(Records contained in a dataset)
++++++++++
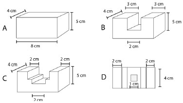 ![]() Figura 1. Montagem do suporte do colorímetro. A = Bloco retangular inicial, B = Corte central, C = Segundo corte central para acomodaçao dos LEDs e D = Vista de cima do suporte e corte quadrado para a acomodaçao da cubeta
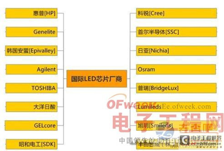 目前国际LED芯片厂商有:科锐[Cree]、首尔半导体[SSC]、日亚[Nichia]、Osram、普瑞[BridgELux]、Lumileds、旭明[Smileds]、丰田合成(株)[ToyodaGosei]、昭和电工[SDK]、GELcore、大洋日酸、TOSHIBA、Agilent、韩国安萤[Epivalley]、Genelite、HP等,其中重点厂商概况:
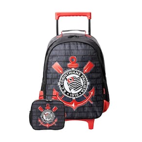 Mochila Rodinha G Escolar Corinthians: Possui RODAS RESISTENTES Confeccionada em Poliéster e PVC Possui 1 compartimentos espaçosos Fechamento em zíper REFORÇADO Dois bolsos laterais telados pra garrafa Regulador de tamanho da alça na parte traseira Puxadores personalizados Medidas: Altura: 40 cm Largura: 30 cm Profundidade: 15 cm
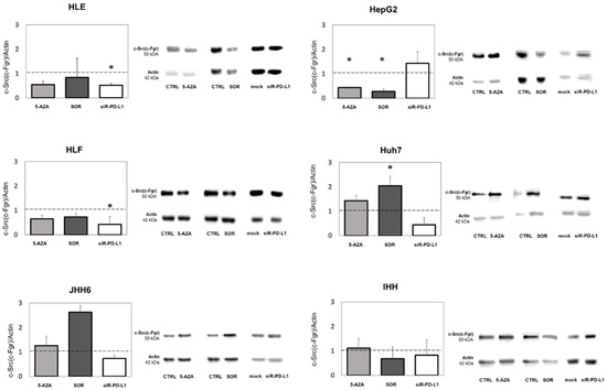 c-Src (c-Fgr) protein expression and its representative immunoblots among different HCC cell lines after treatment with 5-AZA, SOR and siR-PD-L1. Statistical analysis: * p < 0.05, Student’s t-test against CTRL or mock (=1.00; shown as dashed line). Actin (42 kDa) was used as a housekeeping protein against the c-Src (c-Fgr) (50 kDa).
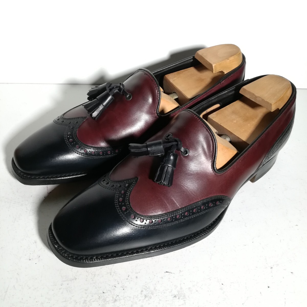 - c1016 左右サイズ違い 良品 ★ハロッズ Harrods★ 10298/F R1063 タッセルローファー 左8 右7.5 黒 × バーガンディ 革靴
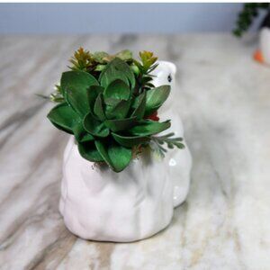 Small ceramic polar bear planter w/Sola festive hand-painted Sola succulents
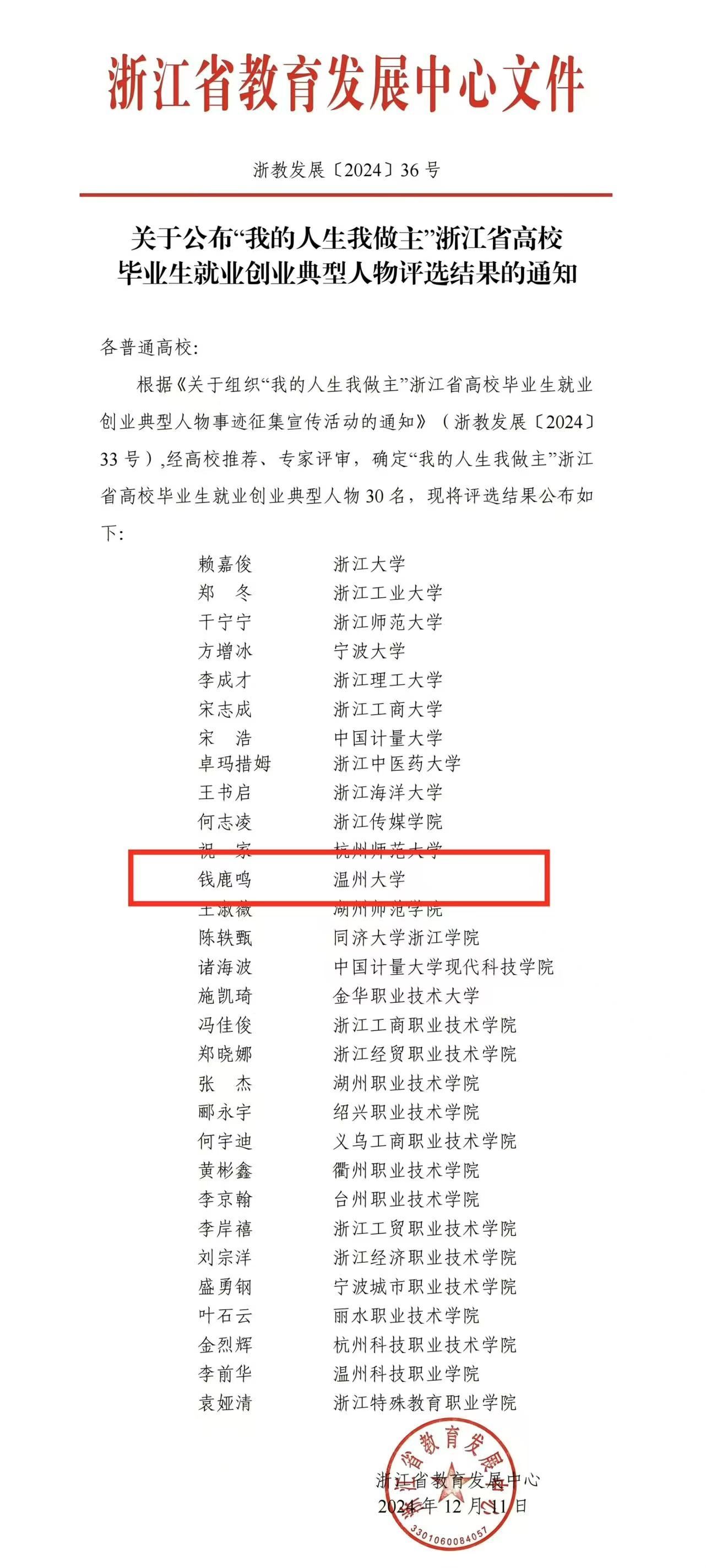 近日,浙江省教育发展中心公布了“我的人生我做主”浙江省高校毕业生就业创业典型人物评选结果,少妇白洁 2017级教师教育学院毕业生钱鹿鸣脱颖而出,荣膺浙江省高校毕业生就业创业典型人物称号。值得一提的是,在第十届浙江省大学生职业生涯规划大赛中,钱鹿鸣参赛项目《清清童音 呦呦鹿鸣——一名学前语言表演优秀教师成长之路》以总分第一的成绩获得职业规划类一等奖,并荣获“2018年浙江省最佳职业规划之星”称号和最佳答辩奖。
++++++++++
→ TASK BRIEF
Only the text is to be copied: please reproduce the records exactly and drop the pictures.

→ SOLUTION FOR THIS TASK
 ![]() Figura 1. Montagem do suporte do colorímetro. A = Bloco retangular inicial, B = Corte central, C = Segundo corte central para acomodaçao dos LEDs e D = Vista de cima do suporte e corte quadrado para a acomodaçao da cubeta
 目前国际LED芯片厂商有:科锐[Cree]、首尔半导体[SSC]、日亚[Nichia]、Osram、普瑞[BridgELux]、Lumileds、旭明[Smileds]、丰田合成(株)[ToyodaGosei]、昭和电工[SDK]、GELcore、大洋日酸、TOSHIBA、Agilent、韩国安萤[Epivalley]、Genelite、HP等,其中重点厂商概况:
 Mochila Rodinha G Escolar Corinthians: Possui RODAS RESISTENTES Confeccionada em Poliéster e PVC Possui 1 compartimentos espaçosos Fechamento em zíper REFORÇADO Dois bolsos laterais telados pra garrafa Regulador de tamanho da alça na parte traseira Puxadores personalizados Medidas: Altura: 40 cm Largura: 30 cm Profundidade: 15 cm
 c-Src (c-Fgr) protein expression and its representative immunoblots among different HCC cell lines after treatment with 5-AZA, SOR and siR-PD-L1. Statistical analysis: * p < 0.05, Student’s t-test against CTRL or mock (=1.00; shown as dashed line). Actin (42 kDa) was used as a housekeeping protein against the c-Src (c-Fgr) (50 kDa).
 - c1016 左右サイズ違い 良品 ★ハロッズ Harrods★ 10298/F R1063 タッセルローファー 左8 右7.5 黒 × バーガンディ 革靴
 Small ceramic polar bear planter w/Sola festive hand-painted Sola succulents
 近日,浙江省教育发展中心公布了“我的人生我做主”浙江省高校毕业生就业创业典型人物评选结果,少妇白洁 2017级教师教育学院毕业生钱鹿鸣脱颖而出,荣膺浙江省高校毕业生就业创业典型人物称号。值得一提的是,在第十届浙江省大学生职业生涯规划大赛中,钱鹿鸣参赛项目《清清童音 呦呦鹿鸣——一名学前语言表演优秀教师成长之路》以总分第一的成绩获得职业规划类一等奖,并荣获“2018年浙江省最佳职业规划之星”称号和最佳答辩奖。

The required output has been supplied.